Esa imagen de perfección cambia nuestra forma de soñar. Aprendemos a negarnos
y a rechazarnos a nosotros mismos. Según todas las creencias que tenemos, nunca
somos lo bastante buenos o lo bastante adecuados o lo bastante limpios o lo bastante
sanos. Siempre existe algo que el juez no acepta ni perdona jamás. Por esta razón
rechazamos nuestra propia humanidad; es decir, esta es la razón por la que no nos
merecemos ser felices; esta es la razón por la que buscamos a alguien que nos maltrate,
a alguien que nos castigue. Y debido a esa imagen de perfección nos sometemos a un
alto nivel de maltrato personal.
Cuando nos rechazamos a nosotros mismos y nos juzgamos, cuando nos
declaramos culpables y nos castigamos de una manera tan excesiva, tenemos la
sensación de que el amor no existe. Parece como si en este mundo sólo existiera el
castigo, el sufrimiento y el juicio. El infierno tiene muchos niveles diferentes. Algunas
personas caen muy profundamente en el infierno y otras apenas están en él, pero de
todos modos, ahí es donde se encuentran. En el infierno se dan relaciones muy
abusivas, aunque también hay otras en las que apenas existe el abuso.

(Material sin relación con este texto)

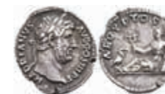
179 Hadrianus, 134-138, Denar (3,27g), Rom. Av: Büste mit Lorbeerkrone nach rechts, darum Umschrift. Rev: Liegende Aegyptos mit Sistrum nach links, davor Ibis, darum "AEGYPTOS". RIC 297, ss. 150,—
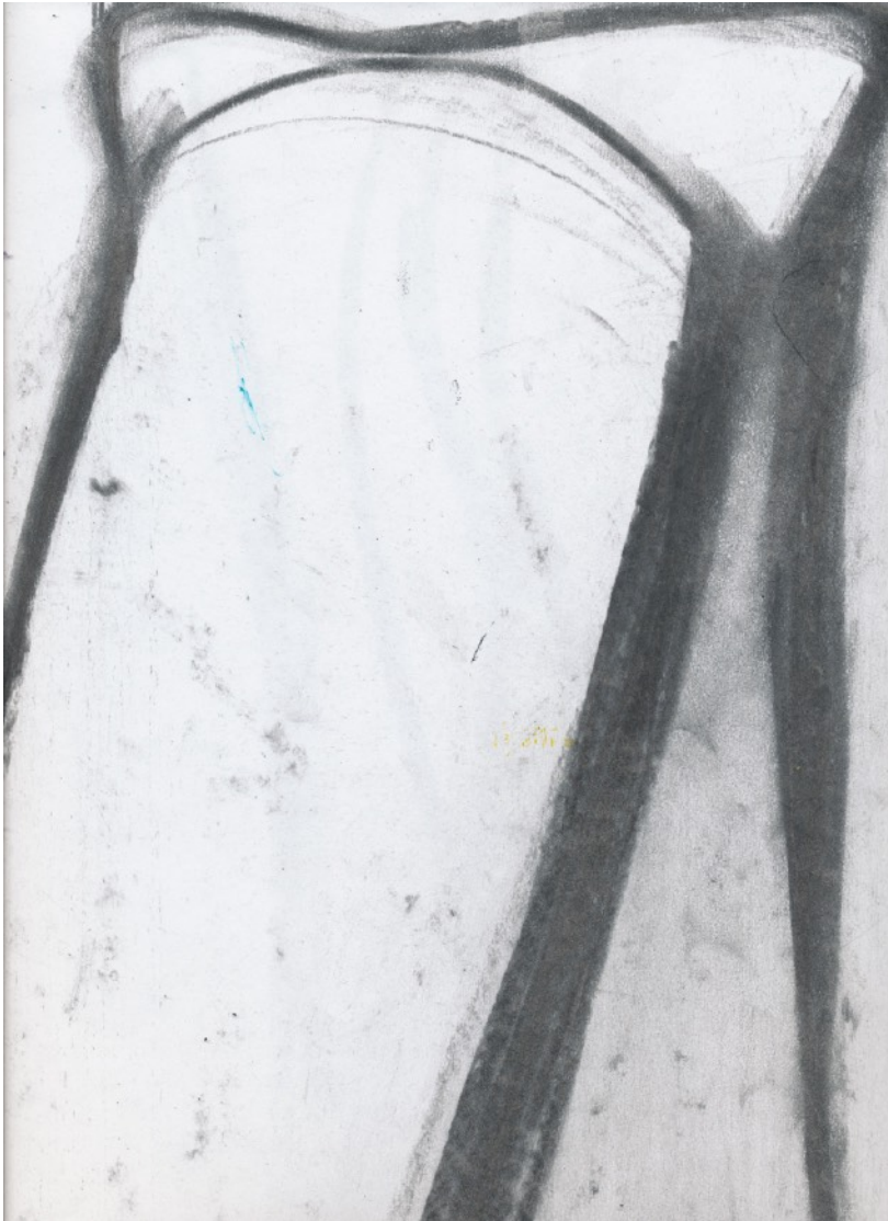
Tidigare ikväll under en performance pekade jag på hörnen i rummet vi var i, blötlade limmet. Ovan en kolteckning från 2015
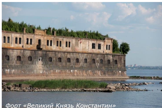
Форт «Великий Князь Константин»
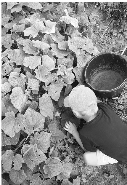
Mihaels novāc gurķus.
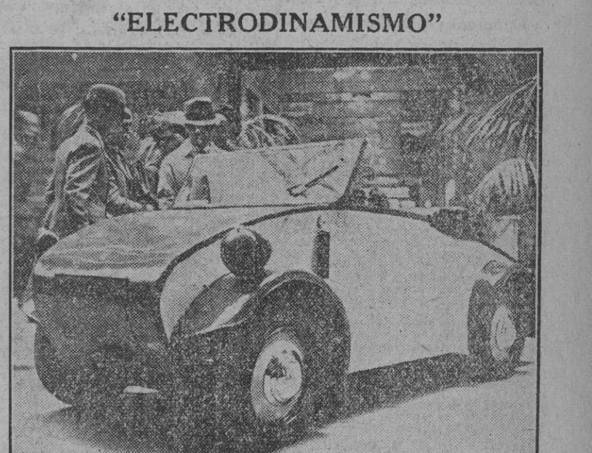
Este será el nuevo vocablo en el argot de los automovilistas en las ferias de coches. He aquí un modelo exhibido en Lyon durante un certamen recientemente verificado.

BUCAREST, 18. (S. E. T.).—El periódico "Ordinea" informa que Stalin ha nombrado "Generala de Ejército" a la comunista rumanojudía Ana Pauker.
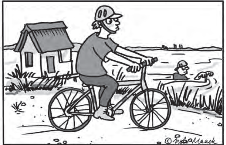
Im rechten Bild sind sechs Fehler versteckt.

In unserem Bilderrätsel stellt der reporter immer am Samstag eine „Aktivität der Woche“ vor, die man bei uns in der Region erleben kann. Dabei erhält man nicht nur interessante Impulse, sondern kann sich gleichzeitig auch auf Fehlersuche begeben. Illustratorin Nele Maack aus Hamburg zeichnete dafür wieder exklusiv eines ihrer beliebten Bilderrätsel.
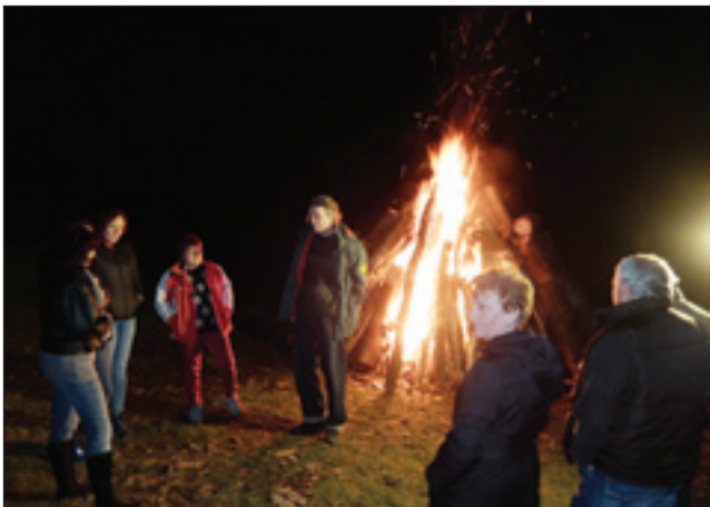
Pri ognji (kresu) se je fajm bilau segrevjati

Porabsko kulturno in turistično društvo Andovci zdaj se že deset lejt trūdi na tejm, aj se ta stara šega ne pozabi pa aj kak največ Slovincov stoji kauli ognja na velko soboto. Kak vsakšo leto, zdaj smo tō po meši
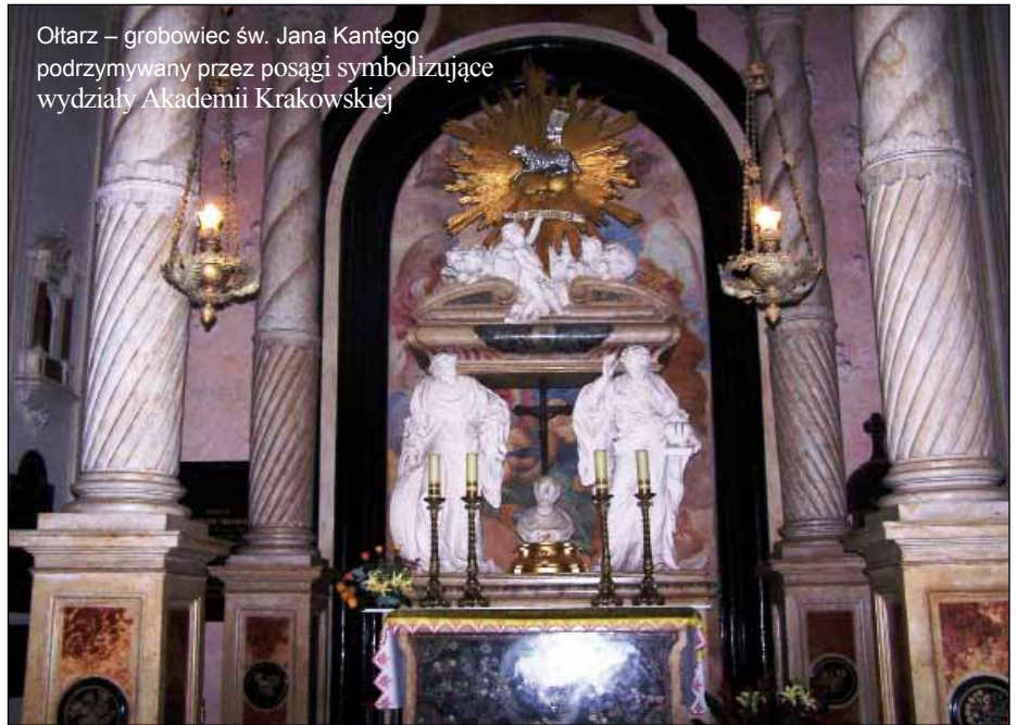
Ołtarz – grobowiec św. Jana Kantego podtrzymywany przez posągi symbolizujące wydziały Akademii Krakowskiej

W ołtarzu głównym kolegiaty zaprojektowanym przez Baltazara Fontanę występuje obraz patronki świątyni – św. Anny z Dzieciątkiem. Namalował go nadworny malarz króla Jana III Sobieskiego – Jerzy Eleuter Siemiginowski. W nawach bocznych krakowskiej kolegiaty umieszczono po trzy kaplice z obydwu stron. Po lewej stronie znajdują się kaplice: św. Piotra, św. Katarzyny Aleksandryjskiej i św. Sebastiana, natomiast po prawej kaplice: św. Jana Chrzciciela, Niepokalanego Poczęcia Naj-
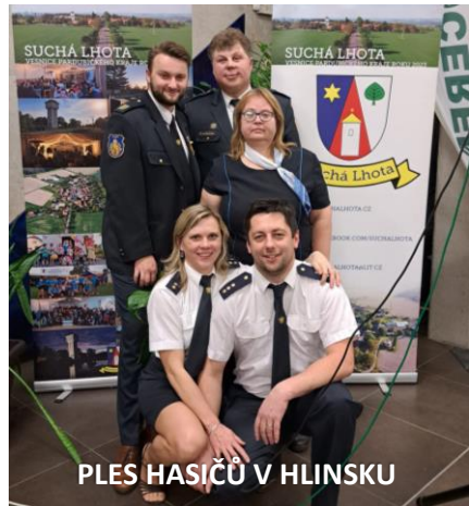
PLES HASIČŮ V HLINSKU

Ya no eres un niño, así que si estás manteniendo una relación abusiva es porque
aceptas ese maltrato, porque crees que te lo mereces. Y aunque la cantidad de maltratos
que estás dispuesto a aceptar tiene un límite, debes saber que no hay nadie en el mundo
entero que te maltrate más que tú mismo. El límite del maltrato que tolerarás de otras
personas es exactamente el mismo al que te sometes tú. Si alguien te maltrata más de lo
que tú mismo te maltratas, te alejas, corres y te escapas de él. Ahora bien, si esa
persona te maltrata sólo un poco más de lo que tú mismo te maltratas, quizás aguantes
más tiempo. Todavía te mereces ese maltrato.

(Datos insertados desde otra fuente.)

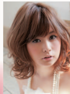
ニゼル スウィングムーブ ヴェール 180g/1,600円(税抜)
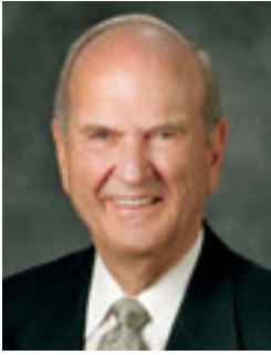
Nataon'ny Loholona Russell M. Nelson

Ao amin'ny Kôlejin'ny Apôstôly Roambinifolo
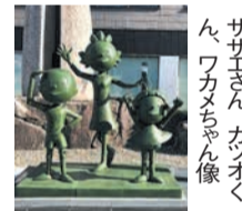
サザエさん、カオクくん、ワカメちゃん像

「サザエさん通り」周辺を巡るウォークラリーを実施するなど、学校や商店街、地域等と連携し、「サザエさん通り」を生かした共創によるまちづくりを推進します。
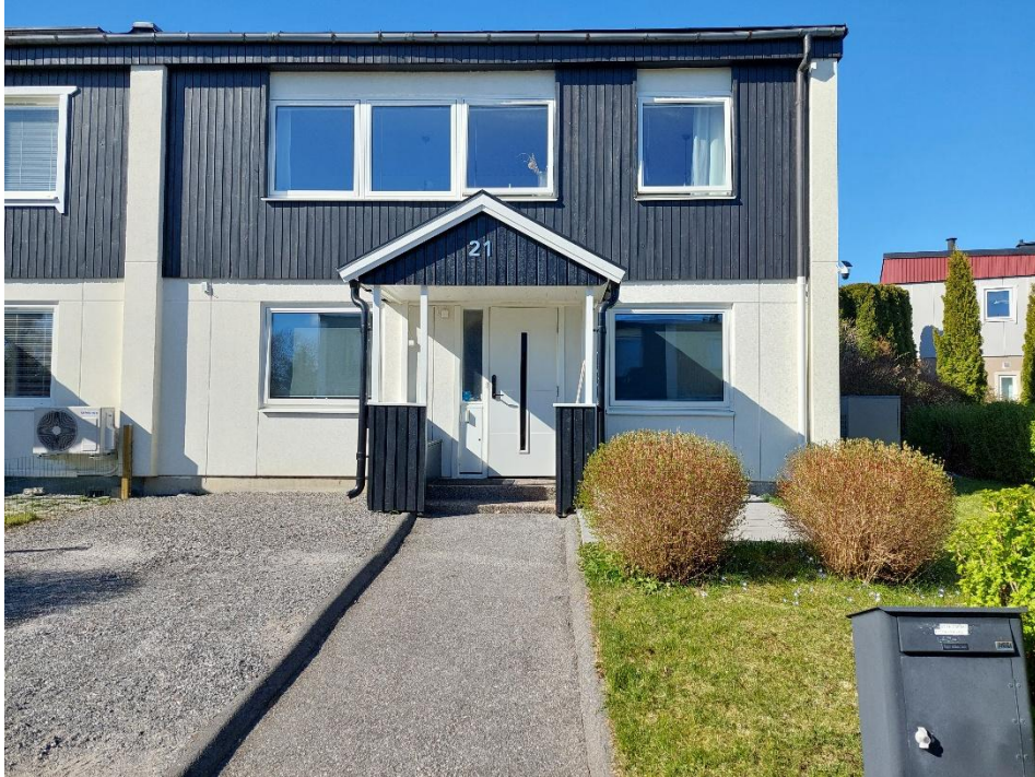
KANTARELLEN 19 KANTARELLSTIGEN 21, 144 40 RÖNNINGE

Denna besiktning är utförd på uppdrag av säljaren . Observera att du som köpare har en egen långtgående undersökningsplikt. För att uppfylla en del av din undersökningsplikt och för att juridiskt överta detta besiktningsutlåtande krävs att du kontaktar besiktningsmannen för utförande av en köpargenomgång. I annat fall har besiktningsmannen inget juridiskt ansvar gentemot en köpare. Observera att en köpargenomgång skall utföras senast 6 månader från det att säljaren låtit besiktiga sin fastighet, en genomgång kan inte utföras efter tillträdet till fastigheten.
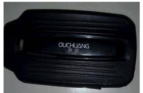
在法轮功学员的三轮车底部发现的跟踪定位仪

此外，中共还用跟踪定位仪监视法轮功学员。2018 年传统新年过后，华北地区一位农村法轮功学员在自家的三轮车底部发现了一台跟踪定位仪。在对法轮功学员的跟踪、监控中，中共采用高科技，手段卑鄙和邪恶。◇
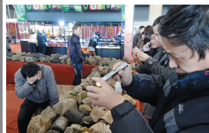
“赌石”现场,有兴奋有失落
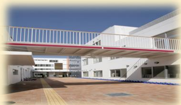
杉並区立方南小学校
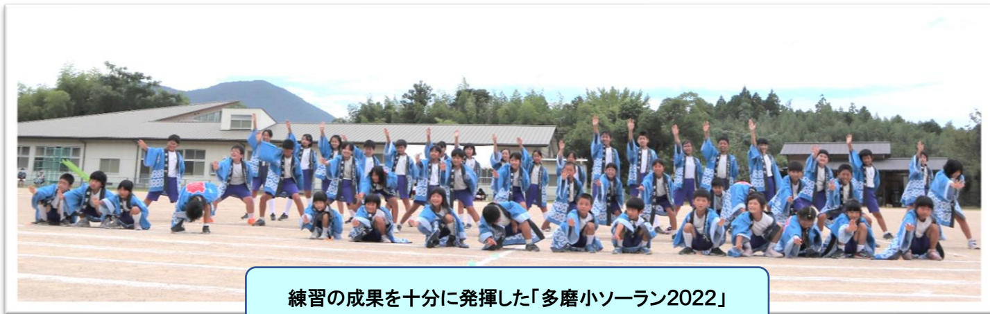
練習の成果を十分に発揮した「多磨小ソーラン2022」

運動会は、一人一人の真剣に取り組む姿が、とてもキラッと輝く素敵な一日となりました。保護者の皆様、最後まで子ども達への温かいご声援、本当にありがとうございました。
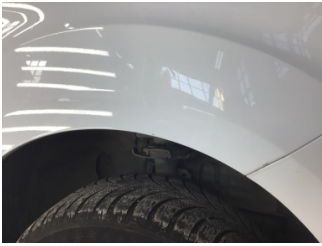
Çamurluk, sağ, Çamurluk, sağ > Noktasal Ezik
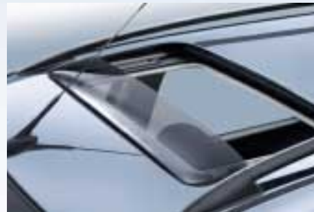
A ClimAir színezett akril-üveg tetőablak légterelő csökkenti a szélzajt és a huzatot.
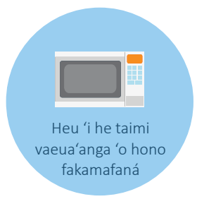
Heu 'i he taimi vaeua'anga 'o hono fakamafana'í

Por lo general, en las relaciones corrientes que mantenemos en el infierno se trata de pagar por una injusticia; de desquitarse. Te maltrato a ti de la manera que necesitas
que te maltraten y tú me maltratas a mí de la manera que yo necesito que me maltraten.

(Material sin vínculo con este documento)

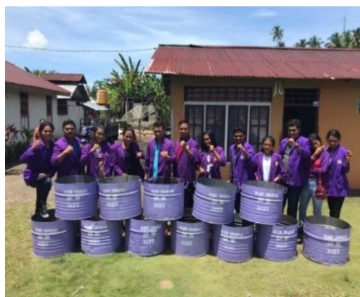
Gambar 4. Pembuatan dan Pembagian Tempat sampah
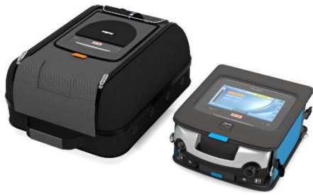
39450 Astral Mobility Bag 39456 Astral Slim Fit Bag
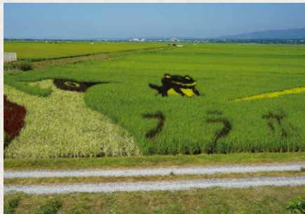
2023年の田んぼアート。 今年のテーマは東京都在住の小学生が考案した「わたしたちと田んぼのつながり」
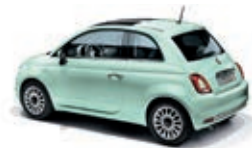
166 Lattementa Grün
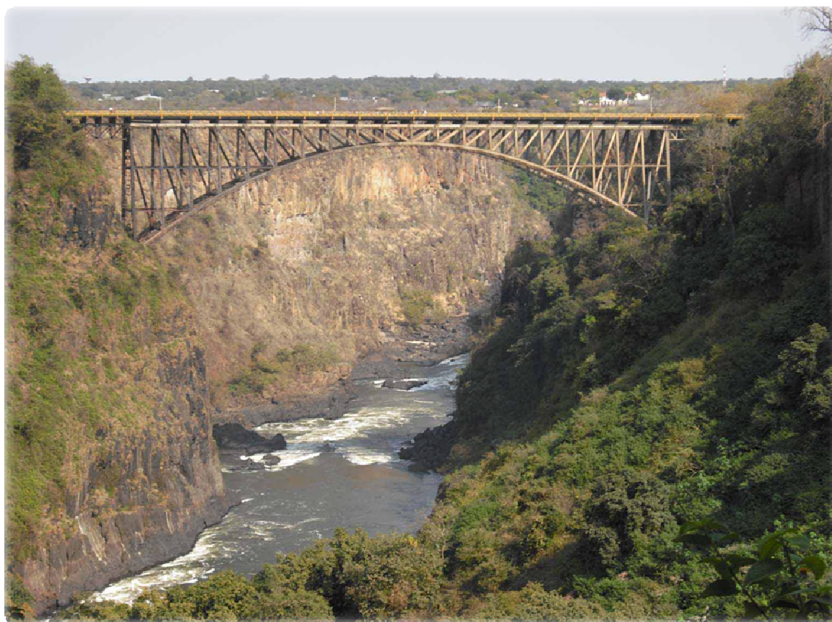
Mezi Zambíí a Zimbabwe

Most může symbolizovat spojení protikladů, být přechodem mezi dvěma obdobími nebo spojovat různé stránky v člověku - také se dá považovat za cestu... Díky němu je možné vidět věci z nadhledu, ale zároveň nahlédnout pod něj, kde může být něco, co nevidíme rádi. Tohle vše se mi promítlo během týdnů strávených v Zambii, zemi, kterou pořád nedokážu popsat jinak, než jako naprosto odlišnou. Ten pocit, ať už po přistání na opačné polokouli, při kontaktu s dětmi, co vás tak rády drží za ruce, nebo při pozorování a vnímání lidí, atmosféry, prostě toho, co vás bezprostředně obklopuje, asi nedokážu přesně sdělit – ale určitě stojí za to ho zažít. Jestli vás Afrika láká, sníte o ní, bez obav vykročte na most, který vás třeba dovede až za hranice vašich představ.
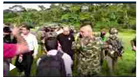
Colombia, catturato il narcotrafficante Otoniel: "Paragonabile solo a Pablo Escobar"
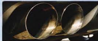
Der Sportauspuff aus Edelstahl ist teuer, aber ab Kat neu verlegt
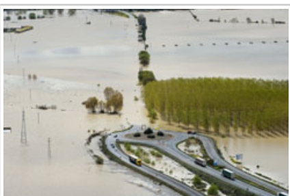
Campos anegados en Castejón.
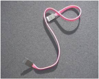
Fig 12. Cable de datos Serial ATA
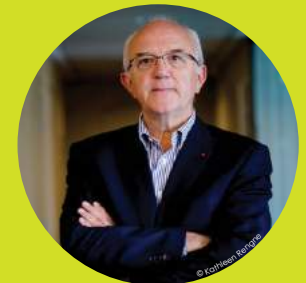
Hugues SIBILLE Président de la Fondation Crédit Coopératif
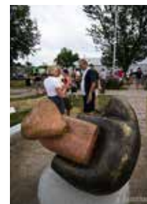
Michel Saulnier. Rencontres , 2012. Place du Citoyen. (Rue Forget)
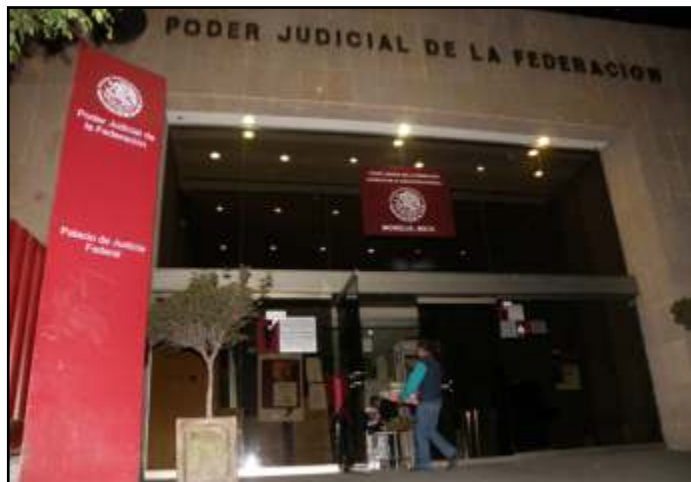
Última caja de amparos de maestros del Estado de Michoacán

Respecto a los cuestionamientos realizados por varios sectores sociales en los que se dice que el magisterio no es afectado con las modificaciones a la ley, el abogado detalló que la parte central del artículo 123 es el apartado A, mientras que nosotros
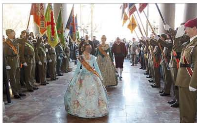
Recepción de las falleras mayores a su llegada al acuartelamiento

La delegación alemana ha demostrado su hegemonía en todas las pruebas disputadas (⇒ intranet 12/03/2012).

El equilibrio es bueno; funciona. La energía atrae un mismo tipo de energía, por
supuesto, un mismo tipo de vibración. Si una persona se te acerca y te dice: «Oh, me
maltrata tanto» y tú le preguntas: «Bueno, ¿por qué sigues ahí?» ni siquiera sabrá
contestarte por qué. La verdad es que necesita ese maltrato porque esa es su manera de
castigarse.
La vida te trae exactamente lo que necesitas. En el infierno existe una justicia
perfecta. No hay nada a lo que podamos echarle la culpa. Incluso podemos decir que
nuestro sufrimiento es un regalo. Basta con que abras los ojos y mires lo que te rodea
para limpiar el veneno, sanar tus heridas, aceptarte y salir del infierno.